背心里有一股奇痒。她伸手去挠,一下子,有一个东西在里面跳了几下。哑丫吓坏了,因为,在她的简单的头脑里,从不知虫子之类有什么可怕。现在,那只蝈蝈却跑到她背后去了。她再想捉,不仅捉不着,那蝈蝈还用爪子之类那她的肉上反挠一下。倒没有特别的疼。是恐慌,令她一下子大叫起来。哑丫娘听见了叫,出屋门,见哑丫儿正在跟自己衣服里的什么作斗争。哑丫娘就过去,帮她弄,一时弄不出来,就把哑丫的衣服脱了。直到脱得精光,那蝈蝈才跳得老高,远远地跑去了。哑丫破涕为笑。哑丫娘也乐了。给哑丫儿又把衣服穿上时,她才注意到一样事情。是哑丫儿的肚子。屯里的小孩由于卫生条件的粗劣,由于营养不良,会在十二三岁的时候,长出“屎泡肚子”。那就是说,他们会有明显的圆鼓肚。随着年纪渐长,才会慢慢地消失。

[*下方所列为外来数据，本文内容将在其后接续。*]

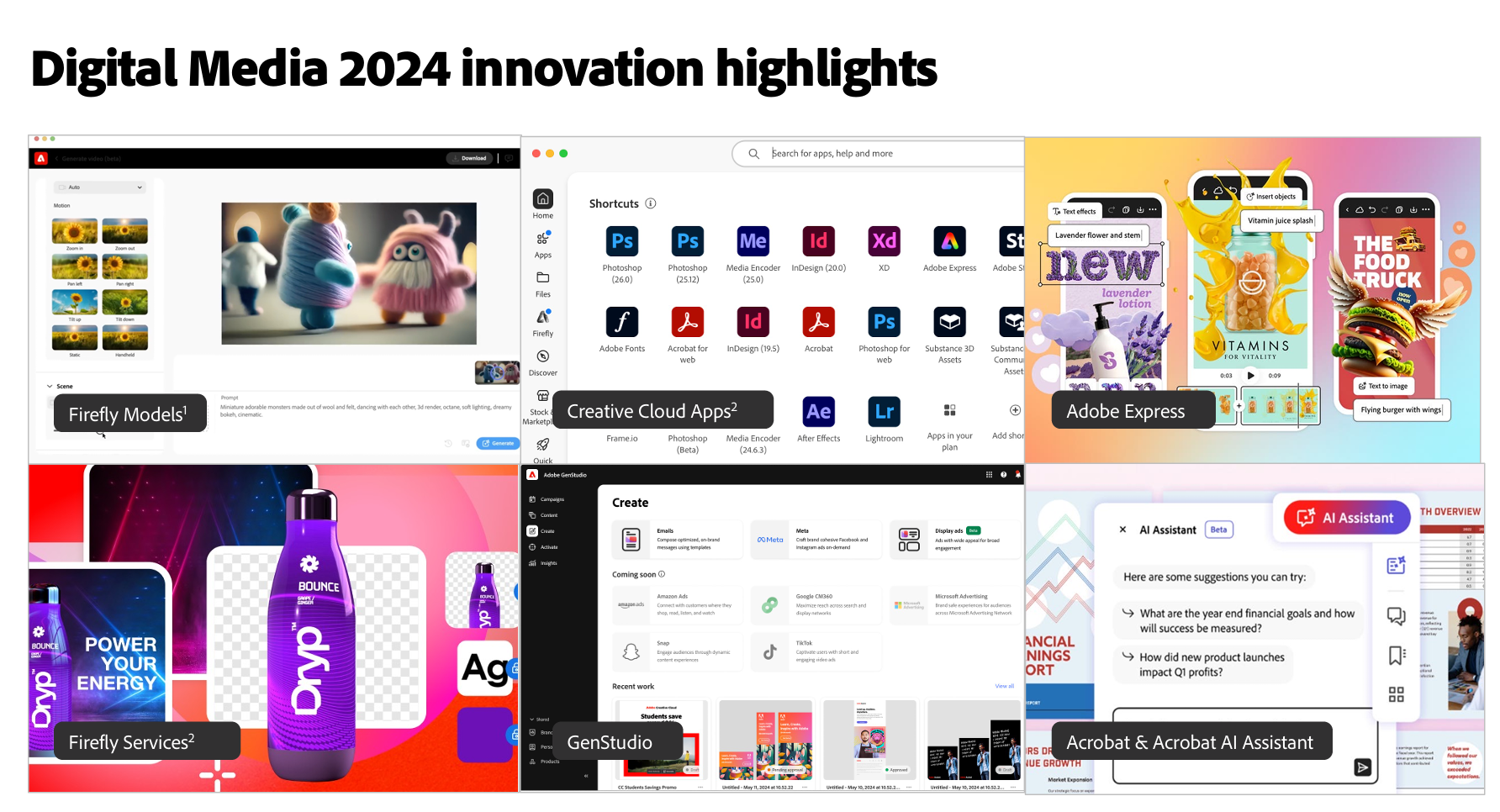 특히 어도비 파이어플라이(Firefly), 애크로뱃 AI 어시스턴트, 경험 클라우드(Experience Cloud)의 AI 기반 데이터 분석 도구 등이 큰 역할을 하고 있습니다.
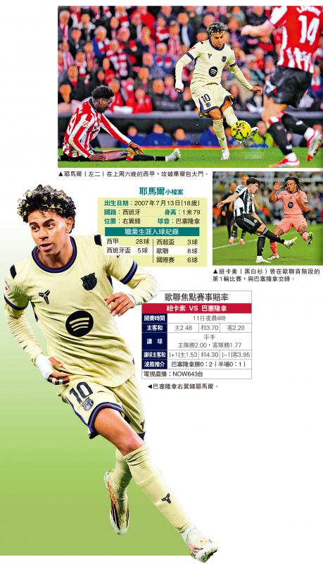 當然,耶馬爾要實踐「球王夢」目前言之尚早,面前的關口就是香港時間11日凌晨的歐聯16強首回合作客再逢英超紐卡素,而耶馬爾亦準備又創歐聯正賽上陣30場的最年輕球員紀錄。兩隊已曾在首階段的第1輪交鋒,當時巴塞在耶馬爾因傷缺陣下,靠拉舒福特「梅開二度」而以2:1獲勝,但後者今戰將退居後備,由拉芬夏比洛尼復任正選,而紐卡素仍有中場主力般奴古馬雷斯倦勤,經常在領先下被對手追平甚至反勝亦顯示欠穩定的問題,恐怕再次難敵高一班以上的巴塞,「讓球」盤口開出平手盤,客隊巴塞去馬。(NOW643台11日凌晨4時直播)

但是,哑丫娘看着哑的肚子,一时有点不明白。首先,哑丫跟别的孩子并不一样。她从未长出过“屎泡肚子”。其次,如果说现在她有了这种肚子,那也不对劲。因为,她的肚子,按一般的标准来说,是太大了。哑丫娘之所以感到不对,还有一个重要原由。哑丫的肚子,即使从表面上看,也不是“屎泡肚子”。它的形状太特别的。哑丫娘天性老实。这事放在心里,她想告诉丈夫,又没有说。她有着一个良好的愿望:不管那是什么,也许过几天,它就会神不知鬼不觉地下去,消失掉。所以,她几乎每天都查看哑丫儿,看看她所希望的是不是发生。结果正相反。那肚子不仅没见小,在哑丫娘看来,它是一天比一天大了。不仅如此,哑丫娘后来还发现,在哑丫儿的生理上产生了一些变化。最主要的,是哑丫儿的下体开始渗出红的东西。那不可能是经血。可是,它又是什么呢?
哑丫娘惊慌失措,就把这事跟丈夫说了。纪老六看了看哑丫的肚子,脸色立时铁青。他找来伍大咂儿,让她给哑丫儿瞧瞧到底是得了什么病。在大队变为农联体之前,伍大咂儿曾当过赤脚医生。但是,她边感冒发烧都看不出来,如何珍得出这种怪症?大咂儿建议纪家赶紧上乡卫生院。当天晚上,纪老六就亲自赶着车,拉着哑丫儿娘俩朝乡里去了。乡卫生院很快就查出了:哑丫儿生的是葡萄胎。纪老六不明白:“啥是葡萄胎?”医生告诉他:就是一种畸形的胎儿。纪老六更不明白了:“俺家哑丫儿,咋能生啥胎儿哩?是不是吃啥东西吃坏的?”那个周医生,一听他这话,又好气又好笑:“你这么大岁数了,怎么这事都弄不明白?怀了胎,是因为吃什么东西?是因为有人跟她睡觉了,明白吗?”把纪老六扔在那里,连连眨着眼睛。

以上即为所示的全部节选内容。